This will work, except from the perspective of the caller, your function modifies sp . In the 32-bit procedure of most calls, functions are only allowed to change eax/ecx/edx and must save / restore other registers if they want to use them. I assume 16 bit is similar. (Although, of course, in asm you can write functions with any conditional calling conventions that you like.)
Some calling conventions expect the caller to call the arguments invoked by the caller, so this will actually work. Matteo's ret 4 answer does this. (See x86 wiki tags for information on calling conventions and many other good links.)
This is super-weird and not the best way to do something, so it is usually not used. The biggest problem is that it gives you access to parameters in order, not random access . You can only access the first 6 or so, because you have run out of registers to insert them.

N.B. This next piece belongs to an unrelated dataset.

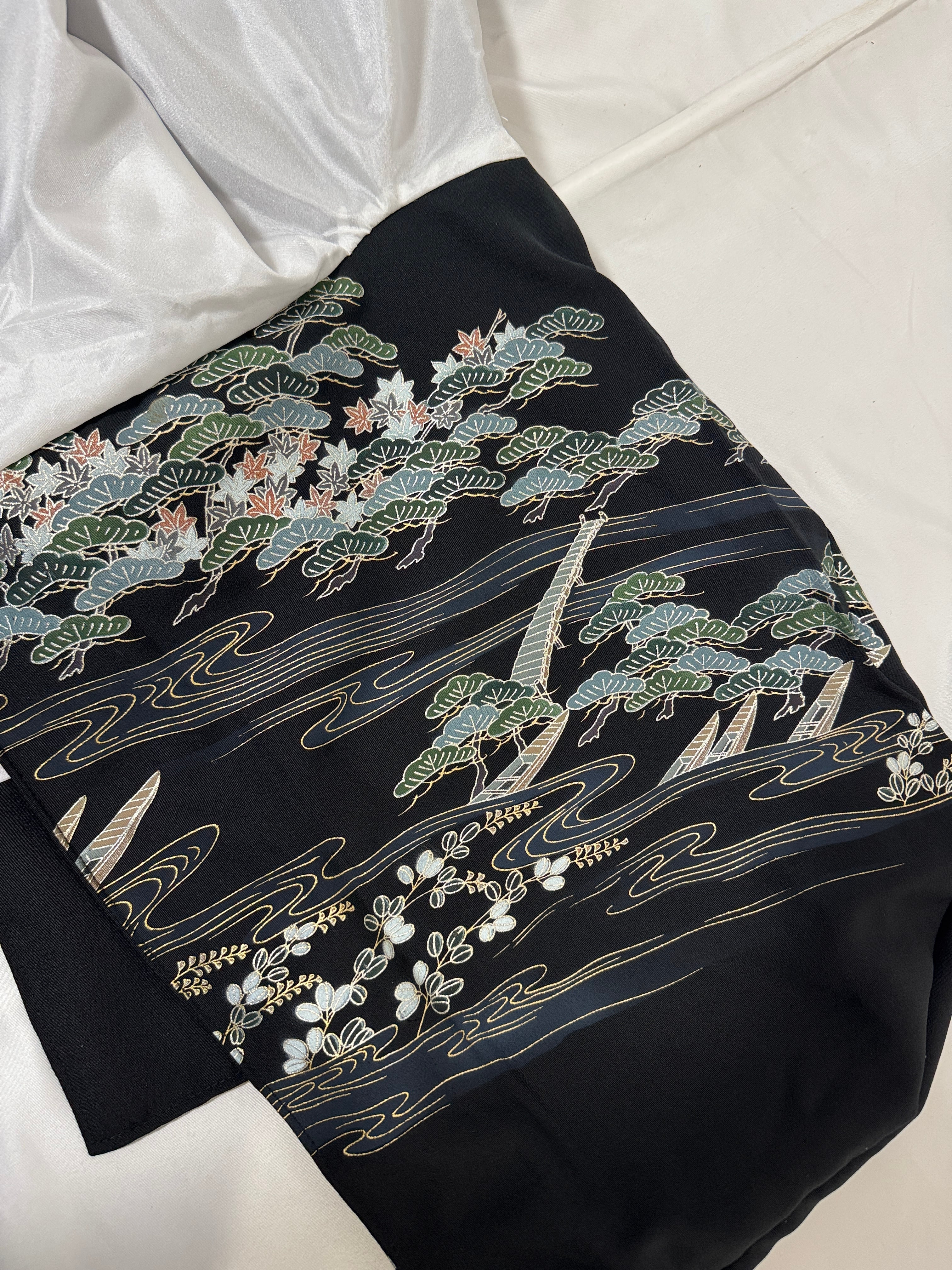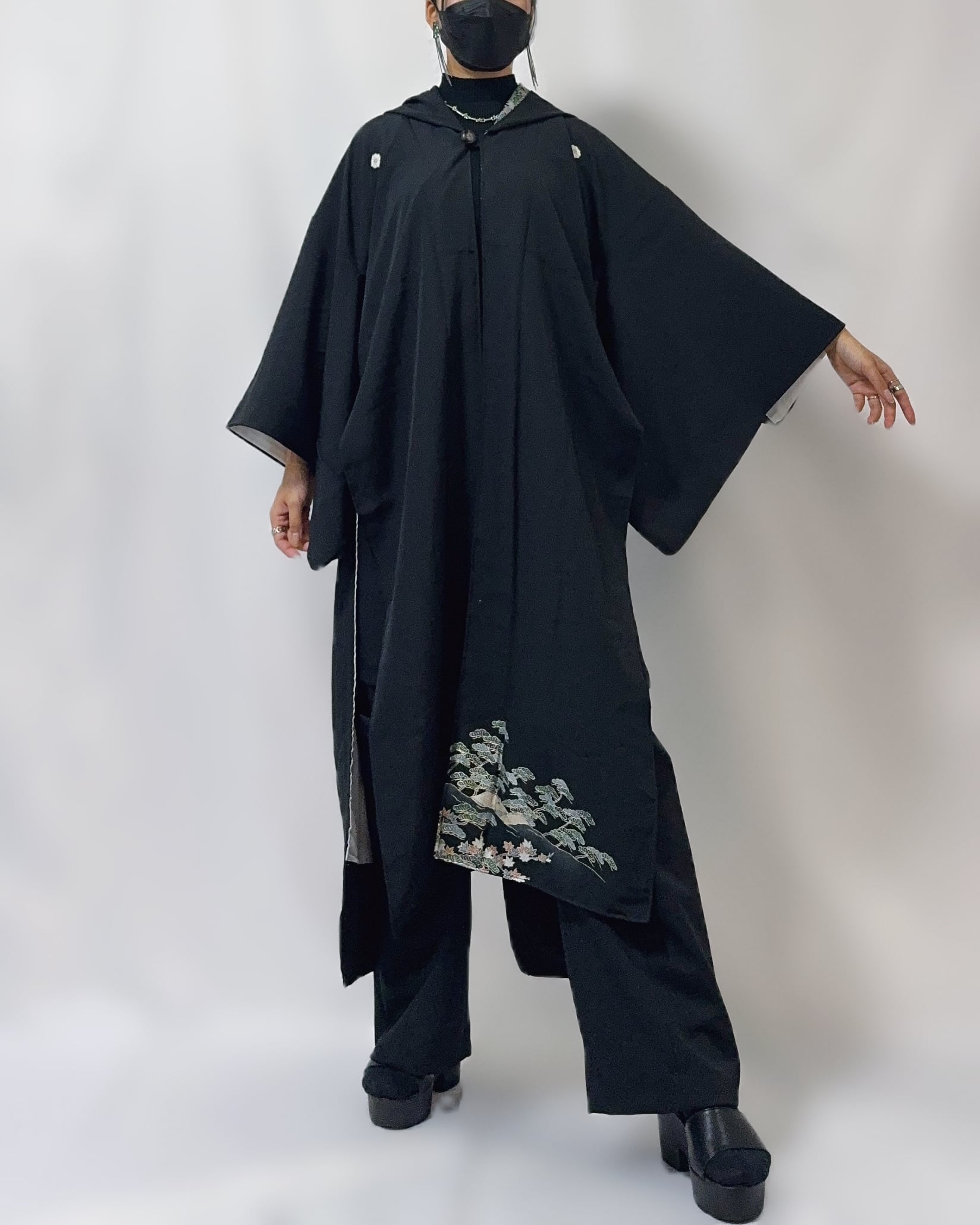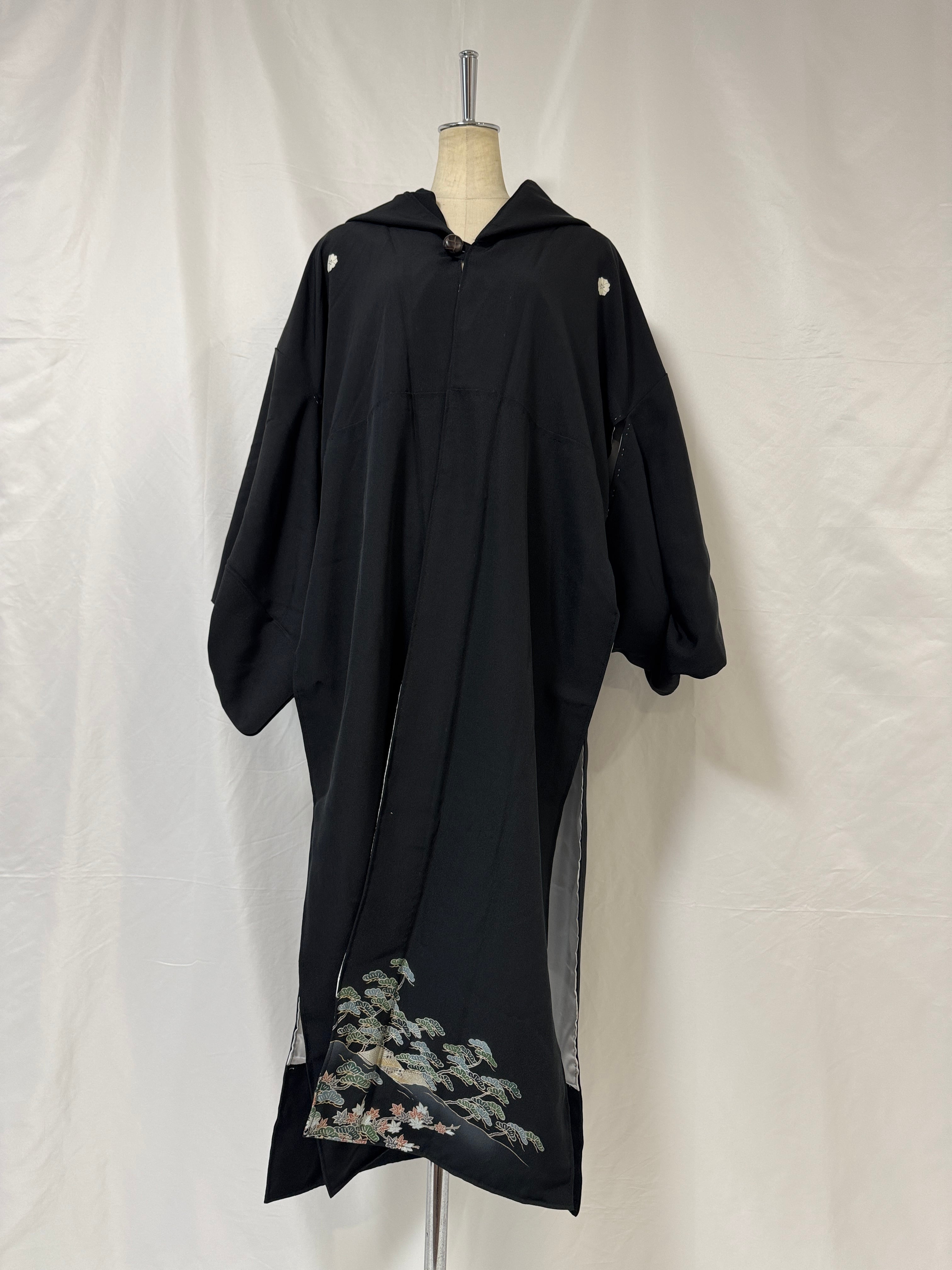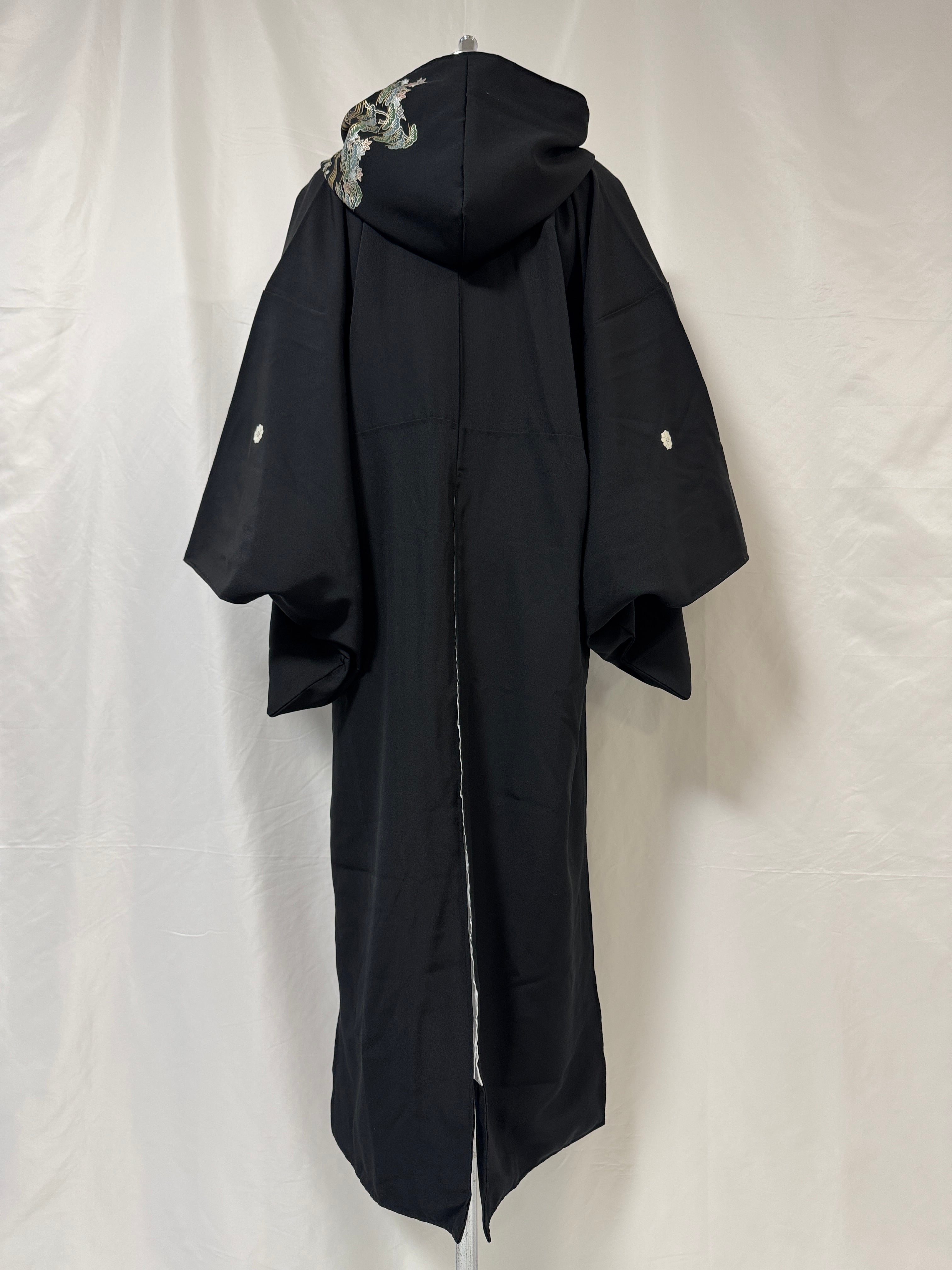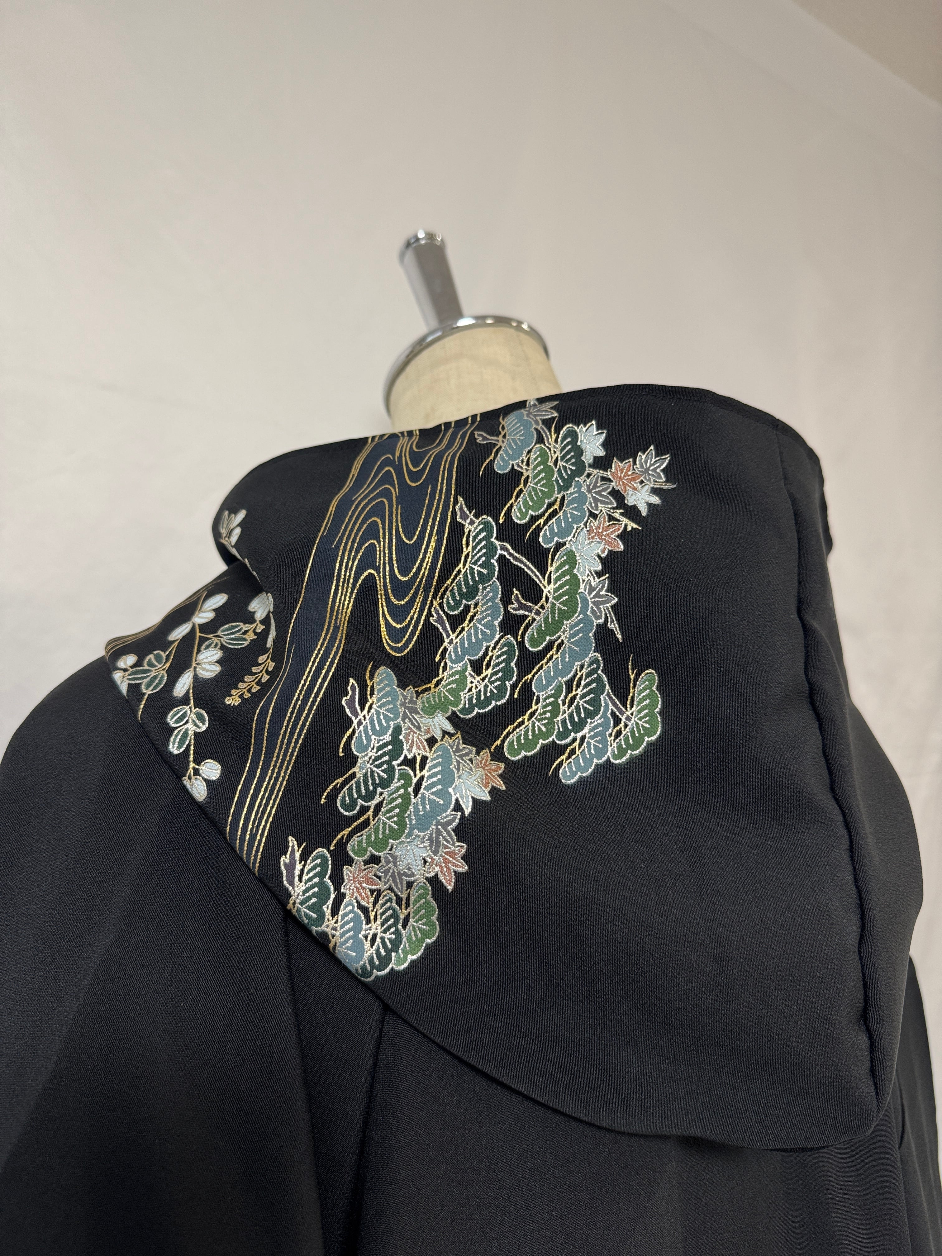 格式ある黒留袖を、現代の感性でリメイクしたフード付きコート。

It also binds the register containing the return address. x86 (before x86-64) has very few registers, so this is really bad. You can push the return address after, apparently, you can add another args function to the registers to free it for use.
jmp ax will technically work instead of push / ret , but it defeats the return address predictor, slowing down future ret instructions.
But in any case, creating a stack frame with push bp / mov bp, sp universally used in 16-bit code, because it is cheap and gives you random access to the stack . ( [sp +/- constant] not a valid 16-bit addressing mode (but it is in 32 and 64 bits). ( [bp +/- constant] is valid). Then you can reload them when you need to.
In 32 and 64-bit code for compilers, the addressing mode is usually used, for example [esp + 8] or something else, instead of wasting instructions and binding ebp . ( -fomit-frame-pointer by default). This means that you need to track changes in esp in order to work out the correct bias for the same data in different instructions, so it is not popular in handwritten asm, esp in textbooks / training materials. In real code, you obviously do everything that is most efficient, because if you are willing to sacrifice efficiency, you just use the C compiler.